Introduction

The vertebrobasilar system is the main blood supply for the posterior circulation, and stenosis or occlusion of the vertebrobasilar artery is naturally of great concern. Vascular curvature, a common morphological variant of the basilar artery (BA), has the most common alignment of a C-shape [1]. However, most BA curvatures do not meet the diagnosis of BA dolichoectasia (BADE) [1, 2] and are far less of a concern than BA stenosis.

Most previous studies considered that BA curvature is a vascular congenital variation and does not require special intervention. Recently, some studies have suggested that BA curvature is closely associated with the progression of BADE and the occurrence of posterior circulation infarction (PCI) [3, 4], possibly due to the resulting posterior circulation hemodynamic changes, abnormal blood perfusion, and subsequent atherosclerotic plaque formation [4,5,6,7]. However, these studies were cross-sectional or case–control studies, while prospective cohort studies on whether BA curvature is associated with the risk of PCI occurrence are lacking. In addition, most previous studies did not exclude the effect of BA stenosis on the occurrence of PCI. Theoretically, pronounced BA curvature could contribute to local atherosclerosis and even marked BA stenosis, but prior to the formation of vertebrobasilar stenosis, BA curvature primarily affects the pontine penetrating arteries, which in turn leads to the occurrence of PCI.
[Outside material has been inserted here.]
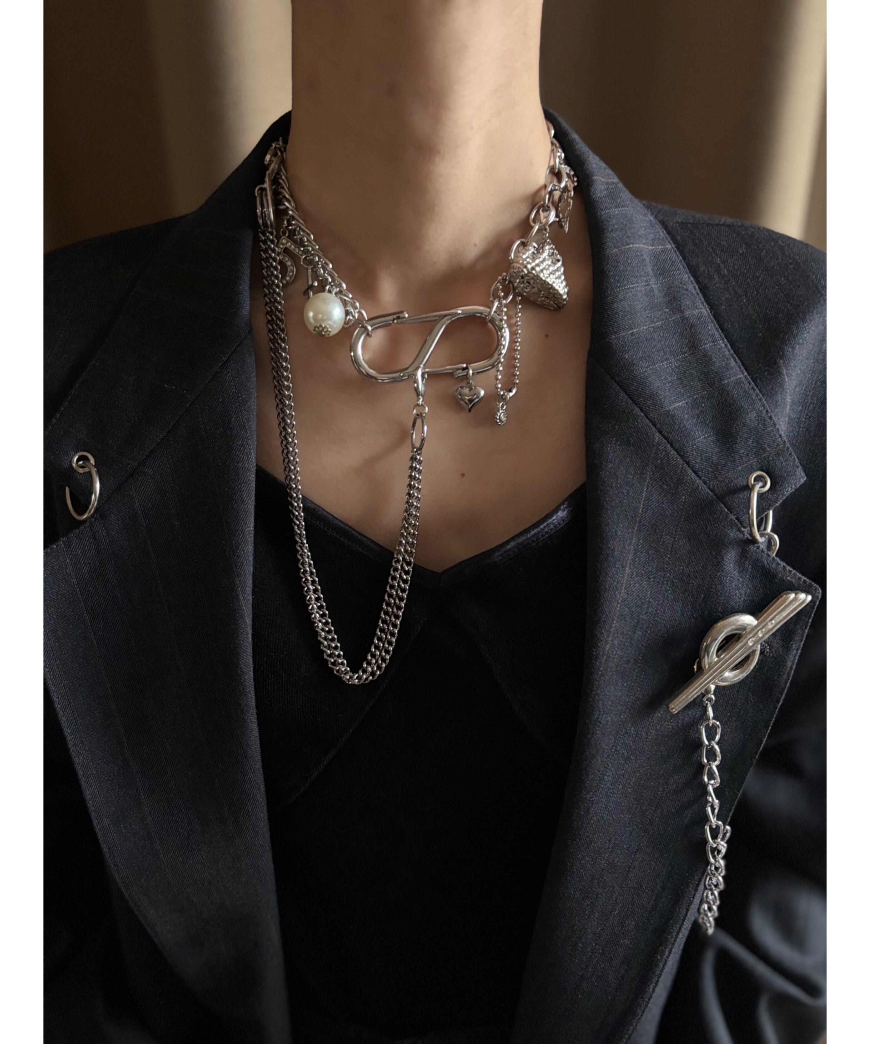 ボリュームあるカラビナとチェーンのコンビネーションがモードさ引き立つCOLLENTE vintageオリジナルネックレス。

Our previous study indicated that BA dolichosis increased the risk of brainstem infarction recurrence in patients with acute pontine infarction, with one potential mechanism possibly being altered hemodynamics due to BA curvature, but this study also did not exclude patients with BA stenosis [2]. Therefore, it may be difficult to truly clarify the relationship between BA curvature and the risk of PCI occurrence. Whether there is a difference in the risk of PCI occurrence in patients with different degrees of BA curvature but without any vertebrobasilar stenosis remains unclear. Moreover, BA dolichosis does not necessarily have BA curvature, and BA curvature does not necessarily imply BA dolichosis. In this prospective cohort study, only patients with BA dolichosis without vertebrobasilar stenosis were selected to further investigate the relationship between the severity of BA curvature and the risk of PCI occurrence.

Materials and methods

Study population

In this prospective cohort study, we included patients with acute cerebral infarction (ACI) who were admitted to the Department of Neurology of our hospital from January 1, 2015 to December 31, 2019. Patients were consecutively enrolled if they were diagnosed with BA dolichosis but without vertebrobasilar stenosis on magnetic resonance angiography (MRA). We excluded patients with any causative stenosis in the vertebrobasilar artery, cardioembolism with evidence of embolic origin (e.g., atrial fibrillation, atrial flutter, and sick sinus syndrome), other determined etiologies (e.g., moyamoya disease or moyamoya syndrome, vasculitis, polycythemia vera, primary thrombocytosis, or dissection), S-shaped BA, BA aneurysms, intracranial tumors, or poor image quality affecting our measurements, patients without taking secondary stroke prevention medication for various reasons at discharge, and patients who refused to be followed up or died during hospitalization. This study was approved by the ethical committee of the Second People’s Hospital of Hefei. All patients or their guardians provided written informed consent.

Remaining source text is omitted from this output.